→ HOW TO COMPLETE THIS TASK: Your answer is to be the exact text of the lines from the one containing "Använd några gånger" through the final line of the entries, restated in full, with pictures omitted.

→ PROVIDED DATA:
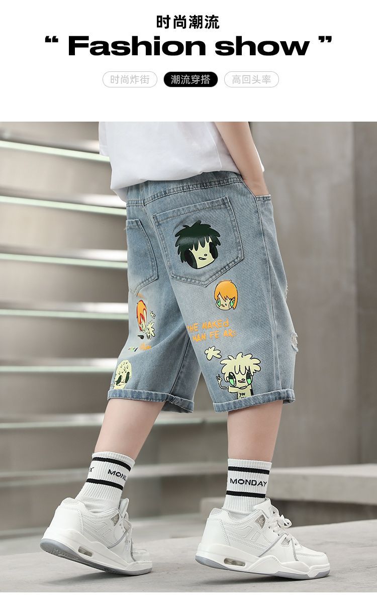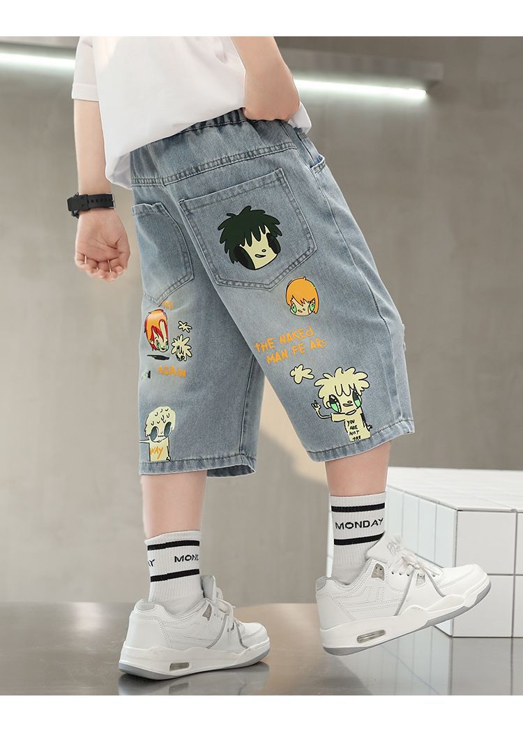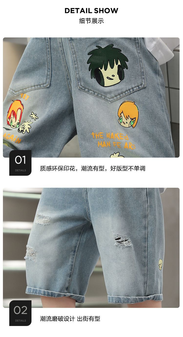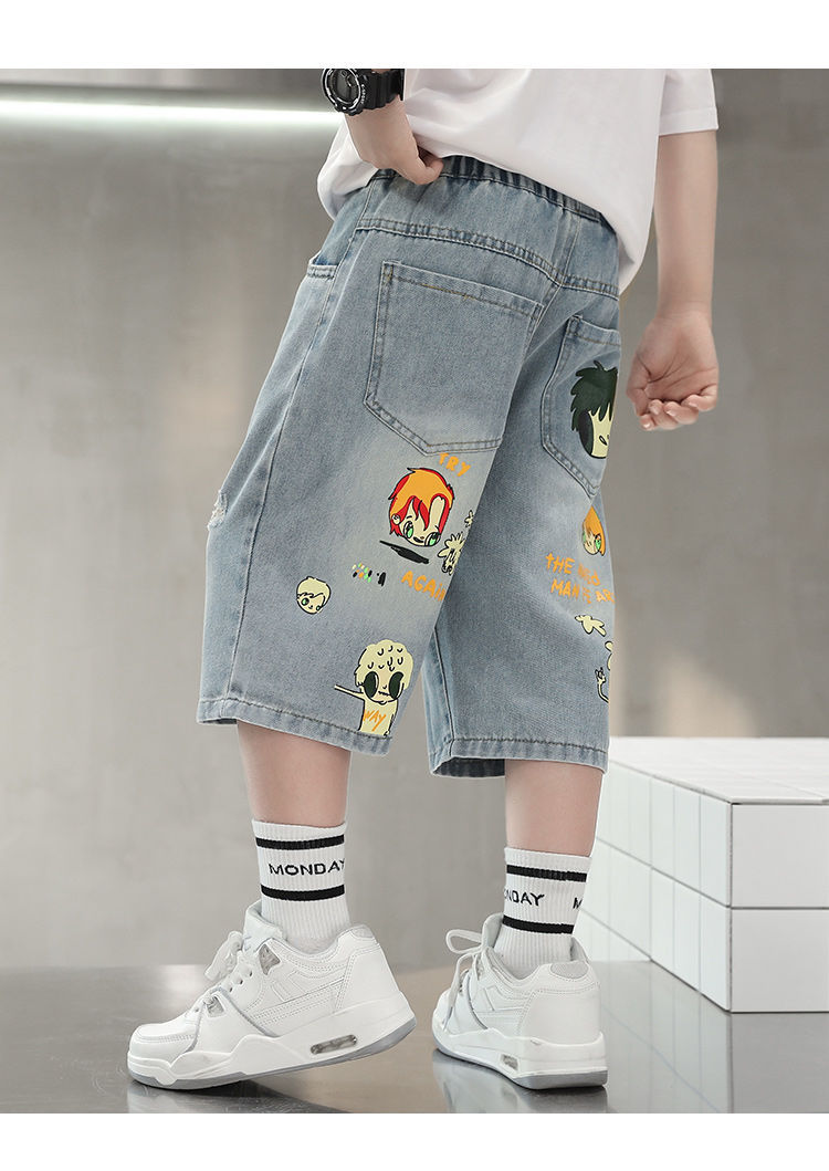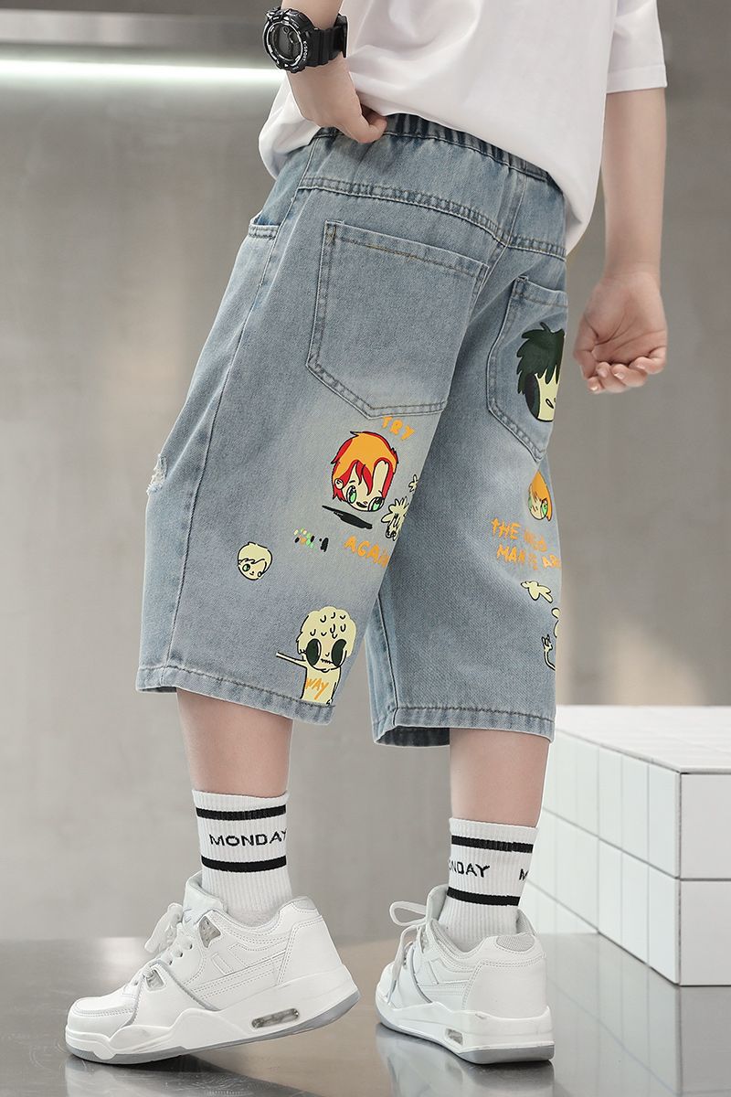 2025 남아 여름 얇은 연한색 프린트 한국 스타일 면 반바지 남아용 신상 무릎길이 오버사이즈 팬츠 트렌디 브랜드스토어 가기
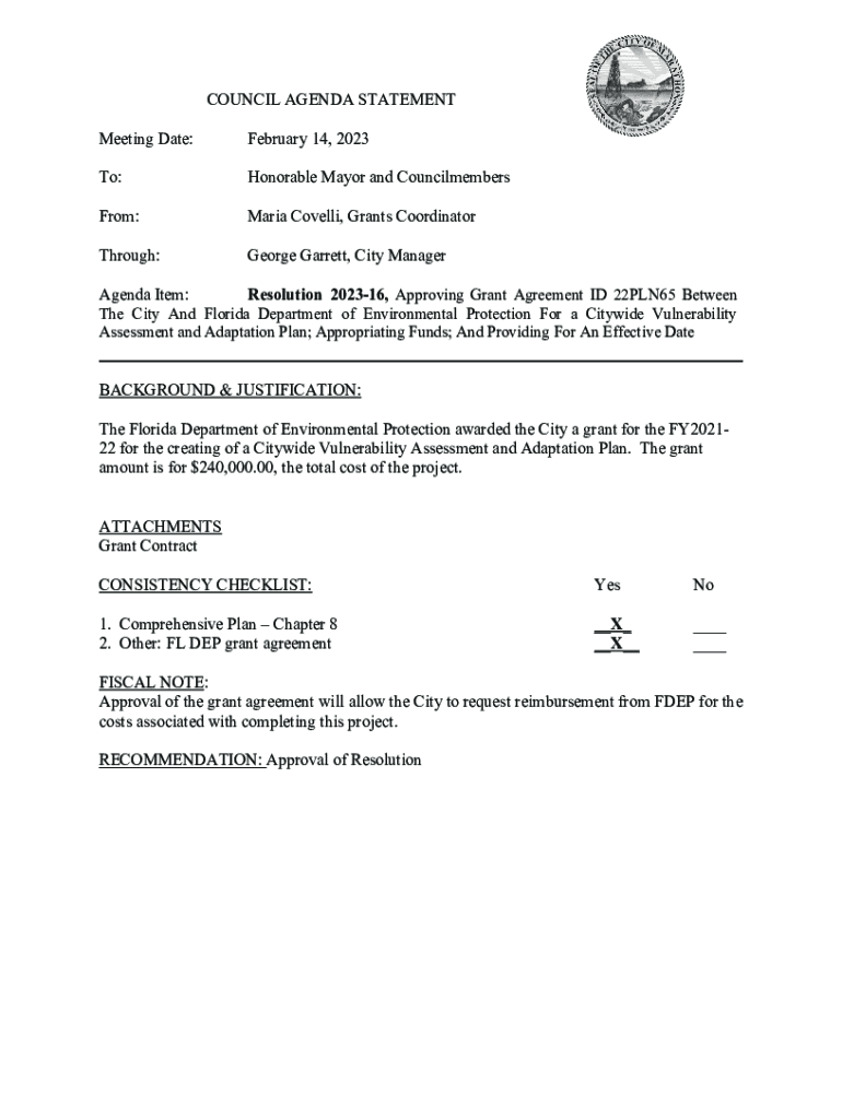COUNCIL AGENDA STATEMENT Meeting Date:February 14, 2023To:Honorable Mayor and CouncilmembersFrom:Maria Novella, Grants CoordinatorThrough:George Garrett, City ManagerAgenda Item: Resolution 202316,
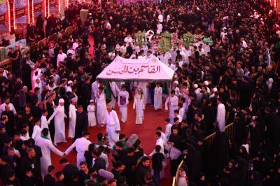 The Karbala condolences processions commemorated on the eve and day of al-Qassem son of al-Hassan (peace be upon both of them) with rituals they have practiced for hundreds of years, as the mourners in the condolences processions march while wearing while cloths and carrying candles.
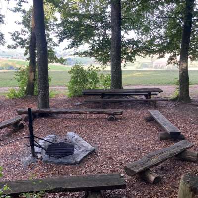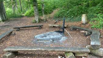 Der kleine Grillplatz bei Beggingen hat eine schöne Feuerstelle mit Bänken rundherum sowie einen Tisch.
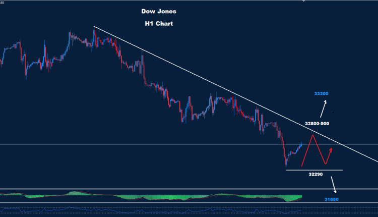 كما نرى على الرسم البياني، يواجه السوق دعماً حول 32290 بينما يواجه مستوى مقاومة حول 900-32800 مما قد يخلق منطقة تداول.
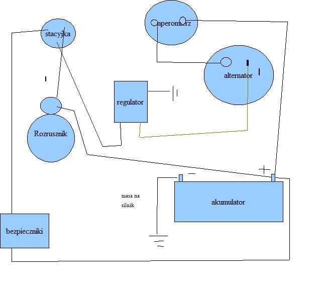 Witam wszystikch mam takie pytanko, jestem właścicielem łodzi rybackiej potrzebuję wymienic w niej alternator. Obecnie przy silniku od C-385 pracuje alternator od stara ale od samego początku mam problemy z ładowaniem myślę że jest to wina źle poprowadzonej instalacji (zamieszczam schemat który zrobiłem w biegu). [img]
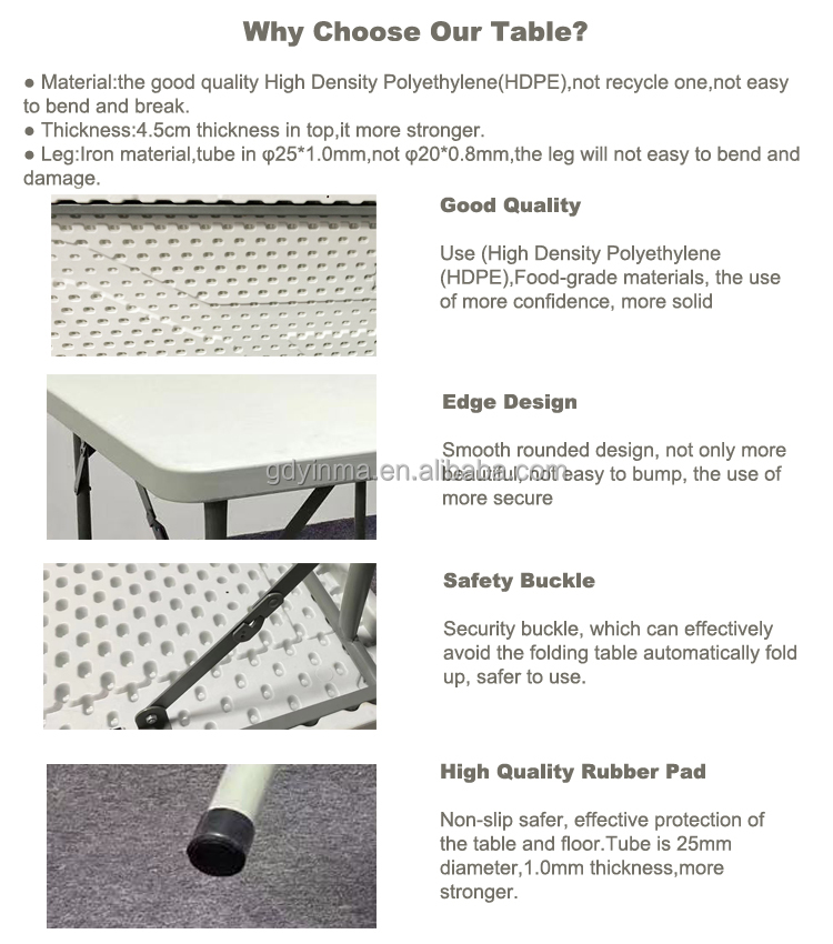 General use: outdoor furniture Top material: High Density Polyethylene (HDPE) structure: folding structure Origin: Zhejiang, China Warranty: 1 year design style: modern specific purpose: outdoor table Packaging Details: Inner packing: 1 pcs per polybag Outer packing: 50 pcs per brown carton Mail...... -
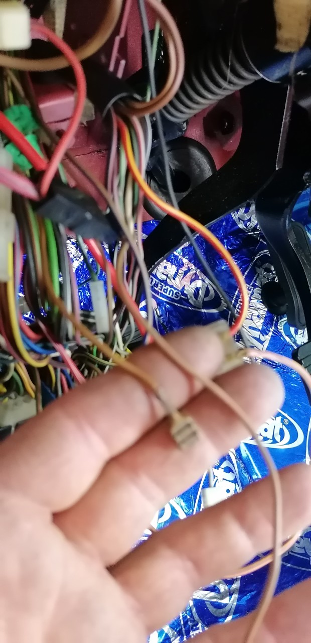 Concernant ce que tu m'as demandé, le vert / noir part de la fiche bleue, on le voit bien sur la photo et il a une cosse métallique non isolée. Les fils marron / noir et marron / bleu partent du relais en haut tout à gauche et ont des connecteurs mais je ne vois pas où ils peuvent se connecter. A priori je ne vois rien qui peut venir sur ce fil gris blanc... Ca avance pas mal quand même, on verra bien au moment du premier démarrage.
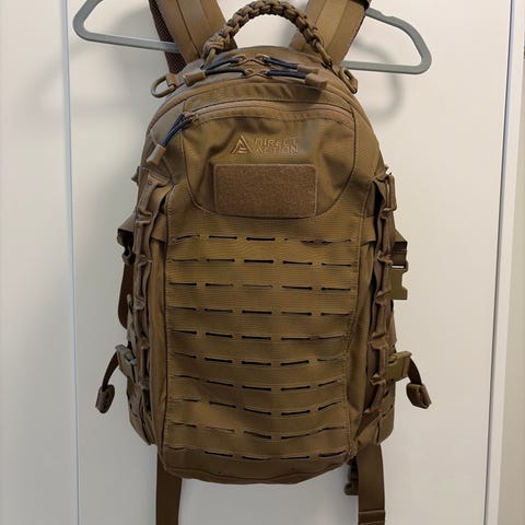 Använd några gånger i skogen, finns någon enstaka fläck på tyget men allting är helt och funkar.
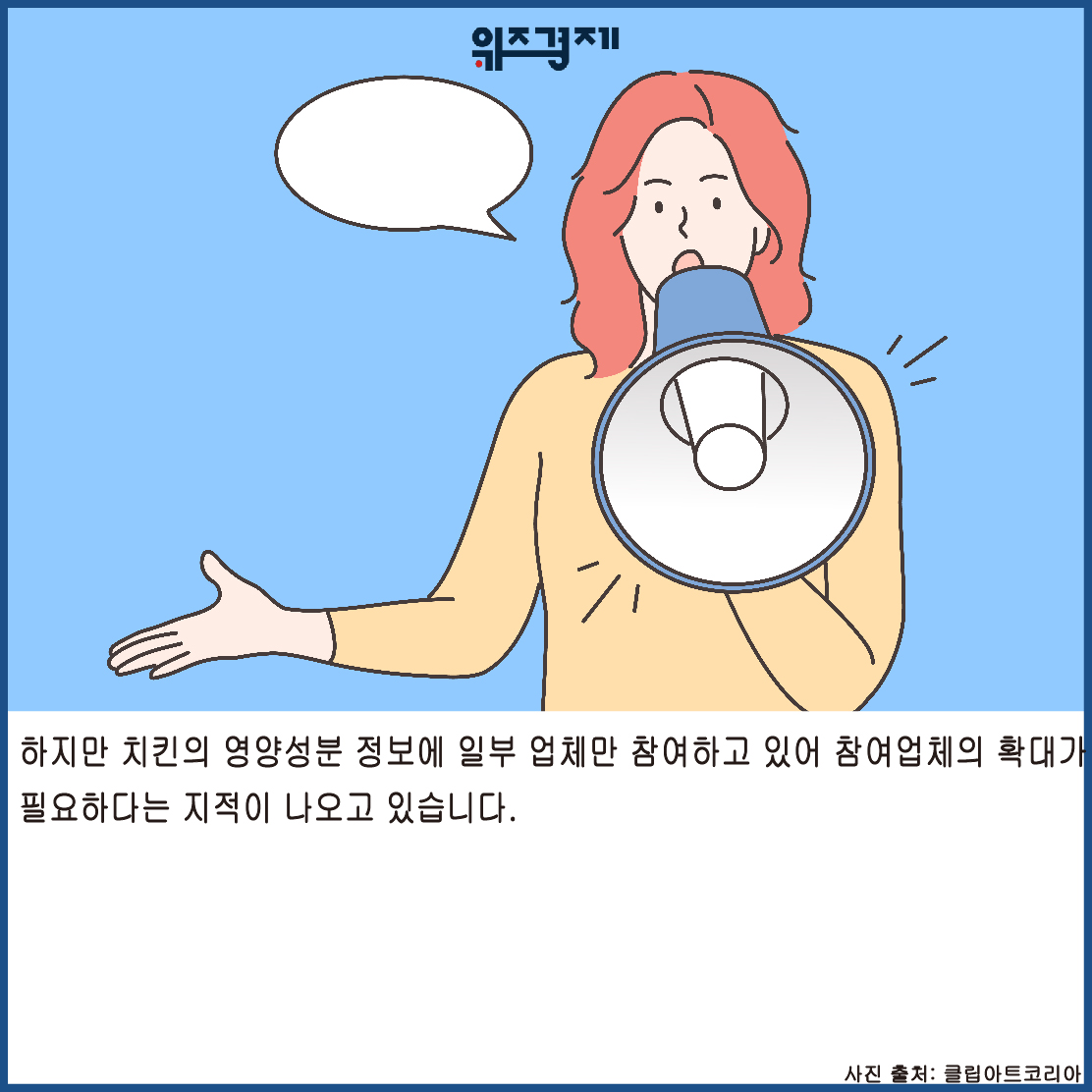 하지만 치킨의 영양성분 정보에 일부 업체만 참여하고 있어 참여업체의 확대가 필요하다는 지적이 나오고 있습니다.
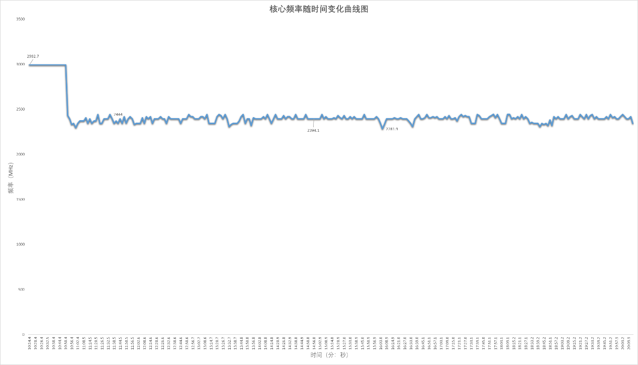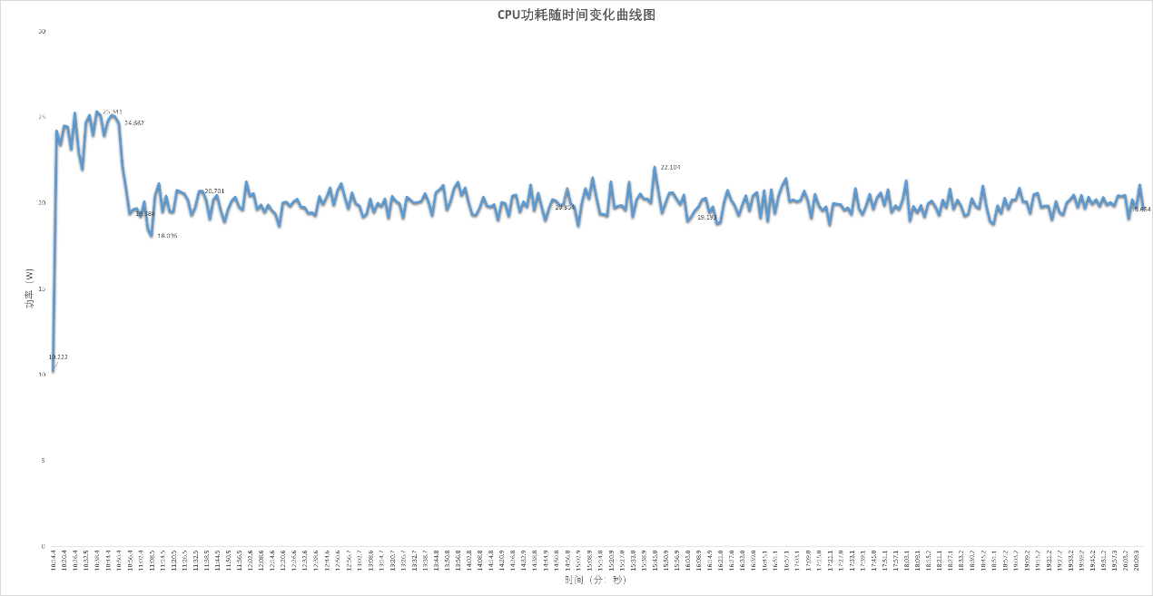 ▲CPU PL1=20W PL2=35W ,Stress FPU 10分钟;使用HWiNFO来记录CPU温度,核心频率以及CPU功耗;整个过程持续10分钟,CPU有触发功耗墙,但没有过热降频 ▲Stress FPU后CPU进入PL2阶段,核心频率维持在2.99GHz左右,40秒后进入PL阶段,此时CPU核心频率在2.28-2.44GHz波动,大部分时间维持在2.39GHz附近 ▲整个Stress FPU过程,CPU温度不超过75℃ ▲Stress FPU后CPU进入PL2阶段,CPU功耗最高可以达到25W左右,40秒后进入PL1阶段,此时CPU功耗在18-22W波动,大部分时间维持在20W附近总体来看,CPU在压力测试下的温度和功耗表现是良好的:
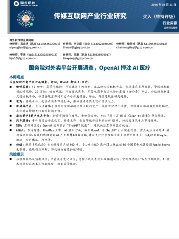 【国金证券】【202601】国务院对外卖平台开展调查,OpenAI押注AI医疗-13页 证券期货研究报告

→ EXERCISE ANSWER:
 Använd några gånger i skogen, finns någon enstaka fläck på tyget men allting är helt och funkar.
 하지만 치킨의 영양성분 정보에 일부 업체만 참여하고 있어 참여업체의 확대가 필요하다는 지적이 나오고 있습니다.
 ▲CPU PL1=20W PL2=35W ,Stress FPU 10分钟;使用HWiNFO来记录CPU温度,核心频率以及CPU功耗;整个过程持续10分钟,CPU有触发功耗墙,但没有过热降频 ▲Stress FPU后CPU进入PL2阶段,核心频率维持在2.99GHz左右,40秒后进入PL阶段,此时CPU核心频率在2.28-2.44GHz波动,大部分时间维持在2.39GHz附近 ▲整个Stress FPU过程,CPU温度不超过75℃ ▲Stress FPU后CPU进入PL2阶段,CPU功耗最高可以达到25W左右,40秒后进入PL1阶段,此时CPU功耗在18-22W波动,大部分时间维持在20W附近总体来看,CPU在压力测试下的温度和功耗表现是良好的:
 【国金证券】【202601】国务院对外卖平台开展调查,OpenAI押注AI医疗-13页 证券期货研究报告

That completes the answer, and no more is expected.